My father died when I was quite young. It was a tragic thing, of course, but we’re also talking about something that happened more than 30 years ago, so addressing it doesn’t get me all emotional. In fact, not much about the topic of my father does. I mean, honestly, I barely knew the man. He was a good dad, and I loved him and all that, but really, when you factor out the first two or three years of my life (during which my memories of him are sketchy at best – a fart joke here, a kiss on a bruised knee there), I really only knew him for about four years. That’s not a lot of time, honestly.

And that, of course, is the tragedy for me personally. Because everyone else who knew him – family, friends, business contacts, students, and so on – tell me (and anyone who will listen, usually) what a great man he was. Smart. Funny. Kind-hearted. Generous. A lot of words like that. And people tell me I’m a lot like him, so that’s nice. But people also get very sad when they talk about him, because they miss him in ways I just can’t. And that makes me sad, too, but really only in an academic fashion. I’ve watched grown men break down in tears over my father’s death and it’s a very uncomfortable situation for me. Not so much because seeing grown men cry is uncomfortable (though it is, to some degree), but because I myself don’t feel the need to cry. And that’s really hard to explain to people. But I’m going to try…

See, I’m happy with who I am and where I am. Sure, I’d change a few things here or there (more money, better health for my friends who need it, etc.), but all things being equal, I like my life. And if my father hadn’t died, my life would almost certainly be entirely different. I wouldn’t have gone to school where I went to school. I wouldn’t have met a number of people whom I still know today. One of those people, my best friend Xonk, is who hooked me up with the job where I met the woman who became The Duck. See where I’m going? My father’s death gave birth – after a fashion – to my life. I don’t read anything noble of self-sacrificing into that, though. I mean, he certainly didn’t willingly die so that I could turn out to be who I am 30-odd years later. But that does wind up being the result. Which is odd.

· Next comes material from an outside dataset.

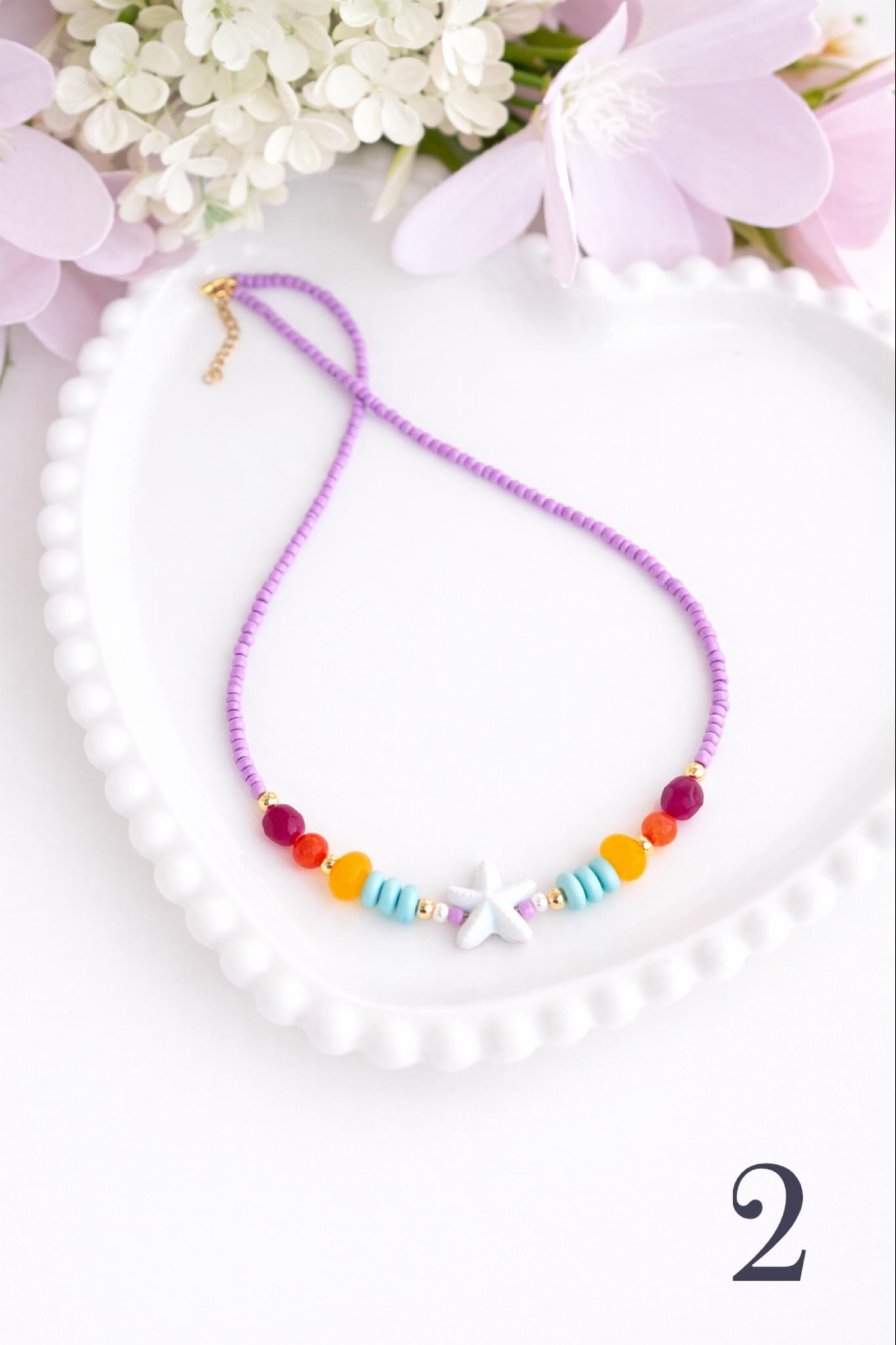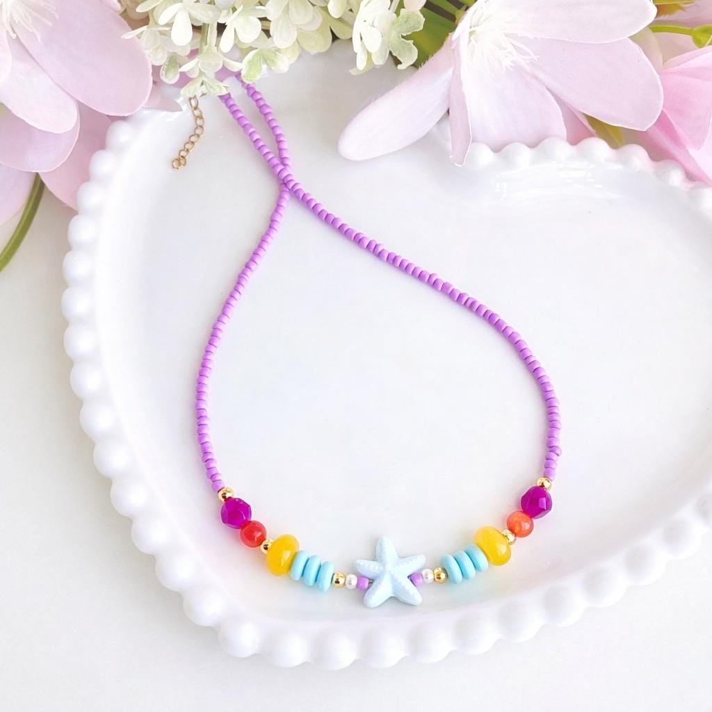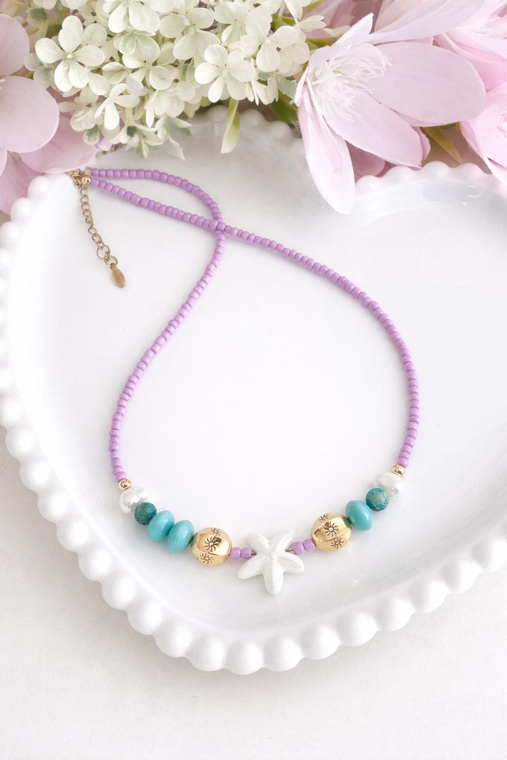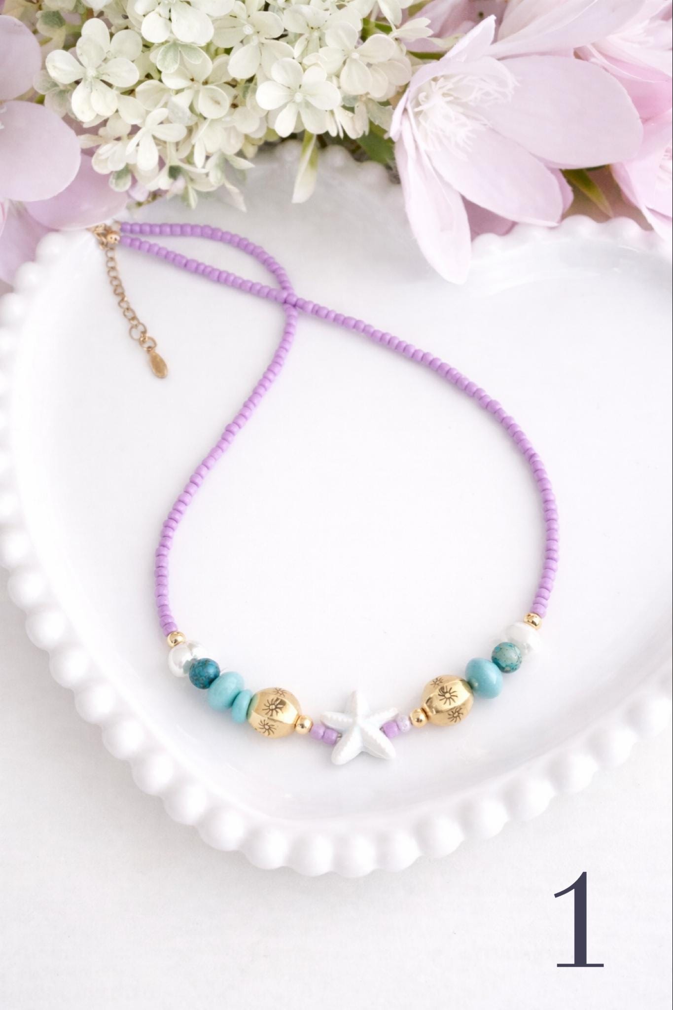 Collier étoile – Vibe bord de mer – Perles lilas et turquoise – Bijou été fait main
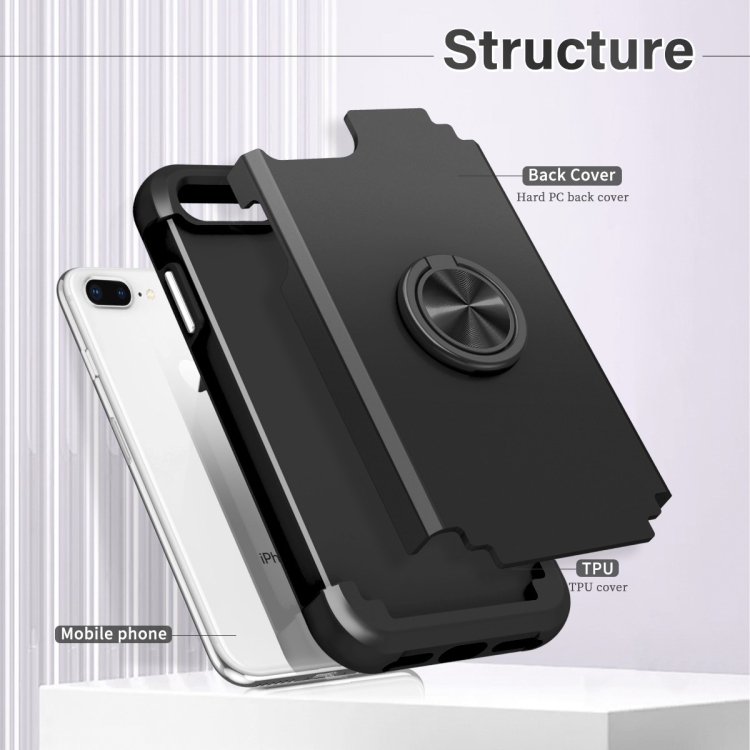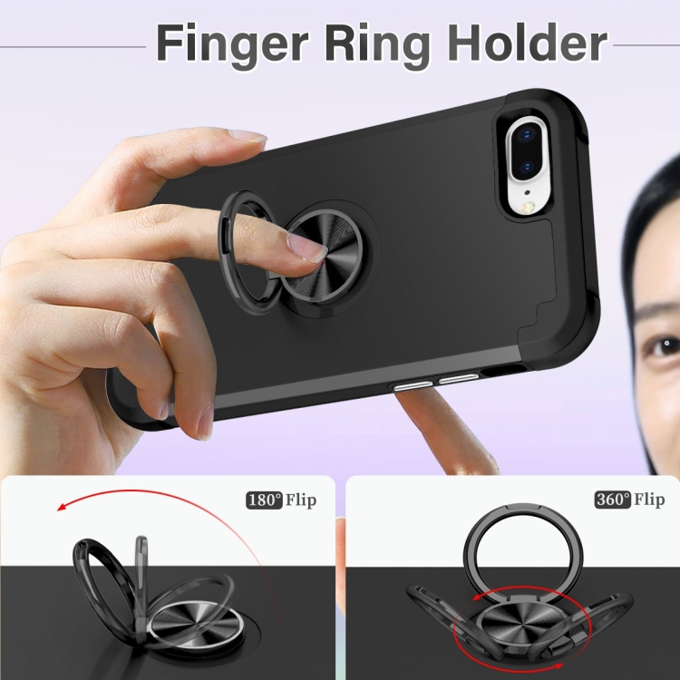 Funda para iPhone 8 Plus y 7 Plus L2 Magnética con Soporte de Anillo Giratorio (Negro)

I’ll note one other thing before I move on from this topic. Growing up without a father figure was strange, but my mom kicked ass (and I’ll talk about her in a bit). No one on the planet has a better, tougher, sweeter mother than I do and there’s not really a day that goes by that I’m not thankful for her. She tried like hell to play both roles for me in my childhood and did the absolute best that anyone could. So when I decide to write on the concept of “father” I have to include my mother, too. Because honestly, except for a tiny portion of my life, she served in both capacities.